GET SPORT — Sambil menyeruput kopi hangat di tengah mendungnya langit Mataram, menatap tabel klasemen Premier League pekan ke-25 ini rasanya seperti sedang mengaudit laporan keuangan perusahaan yang sedang dilanda “inflasi emosi”. Kita semua tahu skenarionya: satu pekan kita merasa jago, pekan depan kita merasa seperti sedang menjalani hukuman kerja paksa di zona degradasi.
Selamat datang di era di mana klasemen bisa lebih fluktuatif daripada harga cabai di pasar. Arsenal kian nyaman di puncak dengan hawa yang sangat dingin, sementara Manchester United mulai menunjukkan gejala “kesembuhan” yang cukup akut. GETNEWS melakukan sebuah “Audit Emosi” terhadap tabel yang bikin suporter bolak-balik cek tensi darah ini.

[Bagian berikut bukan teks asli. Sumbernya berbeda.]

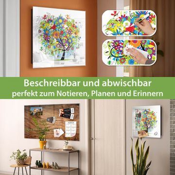 Bringe Ordnung und Eleganz in deinen Eingangsbereich mit dem banjado Schlüsselkasten Motiv Motiv Märchenzauberbaum. Die moderne Schlüsselbox kombiniert funktionales Design mit hochwertiger Verarbeitung und wird so zu einem echten Hingucker in Flur, Büro oder Ferienwohnung. ✅ Stilvolle Schlüsselaufbewahrung mit Glasfront im Motiv Motiv Märchenzauberbaum Der Design-Schlüsselkasten Motiv Motiv Märchenzauberbaum bietet Platz für bis zu 50 Schlüssel, die auf 5 stabilen Reihen mit je 10 Haken übersichtlich verstaut werden. Mit seinen kompakten Maßen von 30 x 30 x 5 cm passt die Schlüsselbox perfekt auch in kleinere Räume. Der schwarz lackierte Stahlkorpus mit rechts angeschlagenem Türscharnier harmoniert mit der Glasfront und fügt sich nahtlos in jedes Wohnambiente ein. Ob als Schlüsselorganizer für Zuhause oder als praktische Lösung für Büros, Praxen und Gewerbe, der banjado Schlüsselkasten sorgt für Ordnung und Übersicht. Dank der magnetischen, mit Kreidestiften beschreibbaren Glasfront kannst du Notizen anheften oder Termine direkt auf der Oberfläche festhalten. Die Schlüsselbox Motiv Motiv Märchenzauberbaum zur Wandmontage wird inklusive Befestigungsmaterial geliefert und ist schnell angebracht. So hast du deine Schlüssel jederzeit griffbereit und zugleich stilvoll verstaut. Mit diesem banjado Schlüsselkasten Motiv Motiv Märchenzauberbaum kombinierst du praktische Aufbewahrung mit stilvollem Wohndesign. Ob privat oder geschäftlich, die Schlüsselbox sorgt für mehr Ordnung, Übersicht und ein wohnliches Ambiente.Vorteile im Überblick

Arsenal dan “Dinginnya” Emirates
The Gunners tampil tanpa ampun. Kemenangan demi kemenangan memastikan London Merah tetap berjarak dari kejaran Manchester City. Jika performa ini stabil, trofi yang sudah lama dinanti itu mungkin tak perlu lagi menunggu “jemuran kering” di musim hujan Mataram. Arsenal musim ini bukan sekadar bermain bola; mereka sedang melakukan presentasi bisnis tentang bagaimana cara menghancurkan harapan lawan dengan efisien.
Kebangkitan Setan Merah
Di sisi lain, Manchester United seolah baru saja pulang dari tempat rehabilitasi mental. Di bawah asuhan yang lebih stabil, mereka kini resmi mengancam posisi empat besar, menggeser tim-tim yang sebelumnya dianggap lebih mapan secara taktik. Fans MU kini mulai berani bicara soal Liga Champions tanpa perlu merasa malu saat nongkrong di angkringan.
Pertarungan Papan Bawah
Di kutub lain, Wolves dan Burnley tampaknya sedang dalam misi “maraton menuju kasta kedua”. Dengan koleksi poin yang memprihatinkan, Wolves menjadi objek audit yang paling tragis pekan ini. Menonton mereka bermain musim ini ibarat menonton film horor, tapi Anda sudah tahu siapa yang akan mati duluan.